Instead, start by providing reasonably non-ambiguous ways to measure constructs like "properly-functioning", "freedom" and "production", then show research or analyses supporting the correlation you want to claim. (The short form of the foregoing: "citation needed".)
Drop the second part of the claim which is pure emotional appeal and metaphor ("machinery", "supreme", "violent"), but otherwise content-free.
Assuming the correlation exists, also investigate alternative explanations, acknowledging when one of these cannot be ruled immediately out by argument or by observation, so that further tests are needed.
↑ comment by FAWS · 2012-01-25T09:52:37.061Z · LW(p) · GW(p)

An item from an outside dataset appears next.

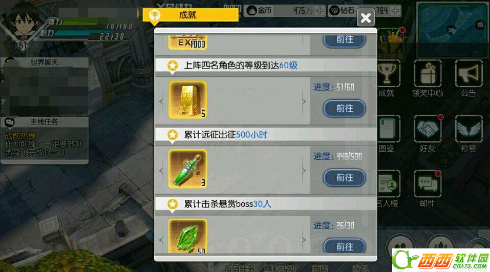 10、成就任务累计远征时间可获得耐力药剂,副本星数可获得体力药剂。
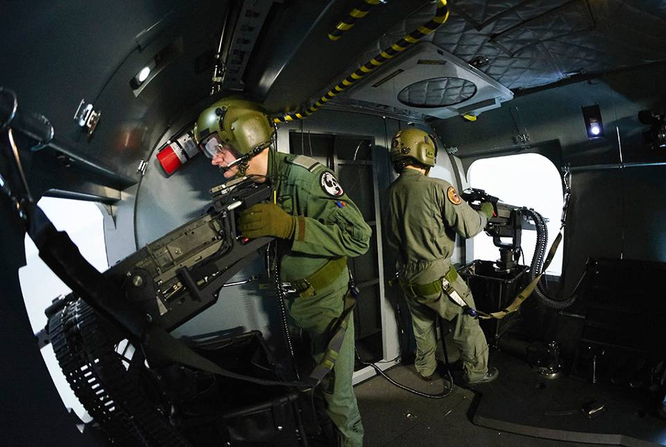 De ruimte in de simulator is voor de loadmasters/boordschutters net zo groot als die aan boord van de echte helikopters.

It's like a low-information mind saying "I'm sick and tired of having AIDS, take your virus-destroying nanobot offer and go bother someone else!" I guess in that situation, you kind of scratch your head, and then say something like "OK, Darwin at work. Seeya."
Well, see, currently you don't have any empirical evidence that your nanobot cure won't kill me swiftly and I suspect it would, so your apparent insistence that I inject myself with it right here on the spot sounds a lot like those black plague merchants to me. I would be in favor of testing the nanobot cure (assuming the nanobots aren't self replicating), but please don't start the testing with life humans.
Replies from: None↑ comment by [deleted] · 2012-01-25T08:32:36.979Z · LW(p) · GW(p)
x
Replies from: None↑ comment by [deleted] · 2012-01-25T08:57:35.738Z · LW(p) · GW(p)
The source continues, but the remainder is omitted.